The IBC (International Building Code) and IRC (International Residential Code) do not spell out the allowable size and frequency of holes which can be drilled through structural wood members. In order to find the answer – it takes digging into the standard lumber grading rules.

Think of a hole being drilled through, as being an “open knot”. The lumber grading rules refer to these as being “Unsound or Loose Knots and Holes” due to any cause. Most structural framing (whether joists and planks – like wall girts and roof purlins or posts and timbers) is graded as Number 2.

For practical purposes, a hole up to ¼ (or just less than ¼) of the face being drilled through will be within grade in Number 2 lumber. Example: If you have a 2×4, the face is 3-1/2” across – so you can drill a hole through that face up to ¼ x 3-1/2” or 7/8”. That’s a pretty good sized hole.  The hole size is reduced for higher grades of lumber (think of it as higher grades – fewer allowable defects). In Number 2 graded material, a hole is allowable as often as every two feet (again holes must be spaced further apart for higher grades of lumber).

On a stick framed building, assuming studs every 16”- you would need to drill through every one of them for electrical holes.  With a pole building, you can just run your wiring around the post (between the post and the siding) and between the girts – so you should be able to avoid drilling any holes.

To answer the question for plumbing – you are not supposed to drill holes through a post larger than what is allowed. As long as they are small enough in diameter, you could run hot and cold pipes through it.  Again – to do this in an exterior wall is questionable.  I’d check with your local building department and get their verdict on it.  To run a waste line (larger diameter) through a post – you’d have to use larger framing in the wall, or furr in a wall to do it.

While I try to drill as little as possible (it takes more effort and tools to do so), the Code does allow for them, within reason.

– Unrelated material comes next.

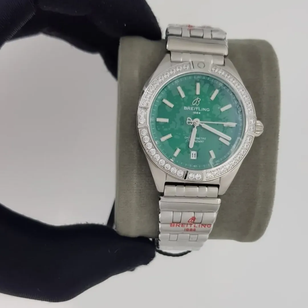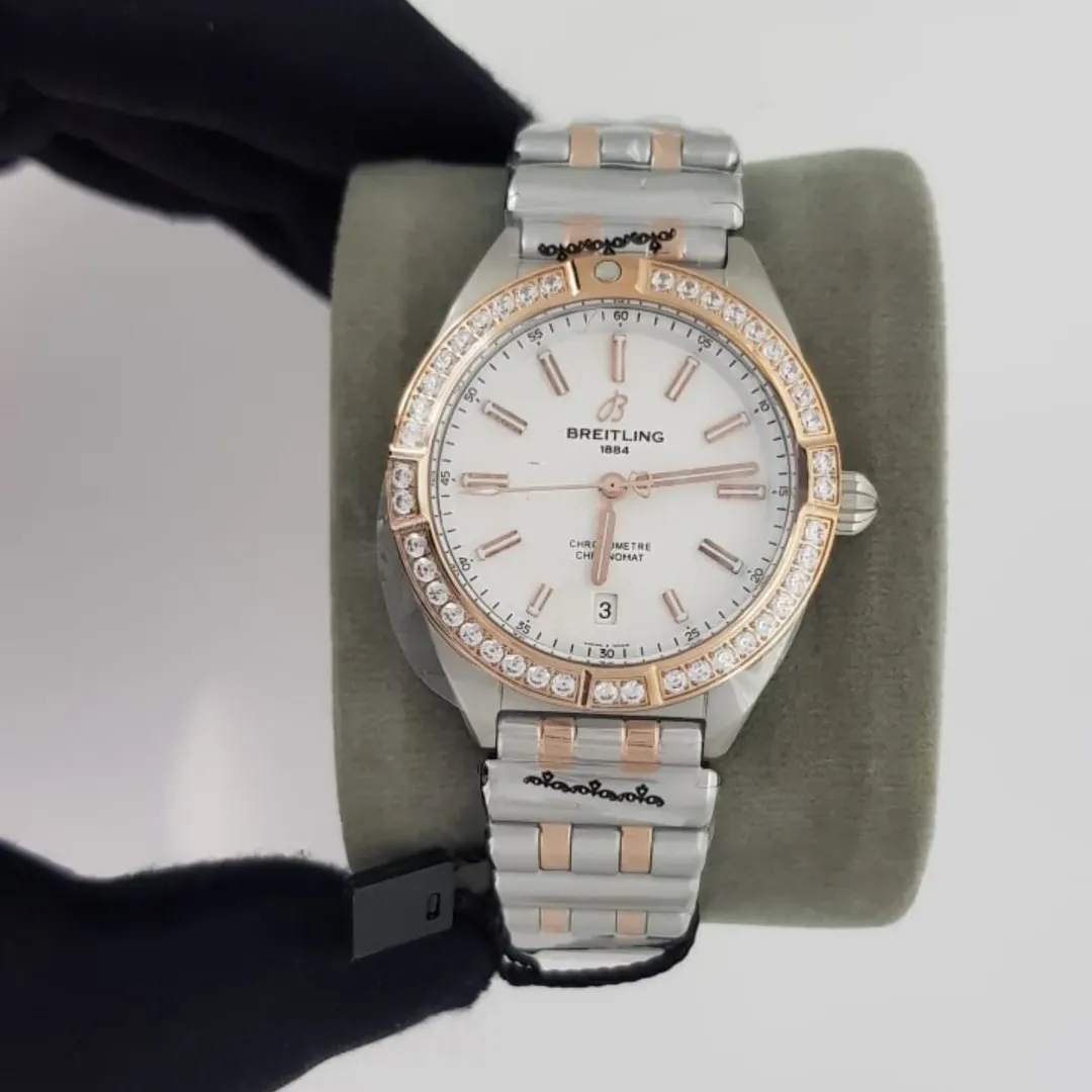 ساعت فلزی زنانه برند برایتلینگ با بند استیل و دور قاب نگین دار و تقویم دار. کیفیت تمام ساعت ها درجهیک می باشد.

2 thoughts on “The Hole Enchilada: Electrical Holes

  1. When running wire around the post can you secure The wire to the girt? How many wires are aloud on one grit? I built a 40×60 and plan on having a plug on every post with some having plugs for 220 and some 50 and 30 amps for air compressor and welder also RV plug so I will be running lots of wire and want a neat safe job

    1. I am far from an electrical expert, however from my research I can find no Code limitation on the number of wires which can be attached to a framing member. You should verify this with either the licensed electrician who is doing the install, or the electrical inspector, prior to installation.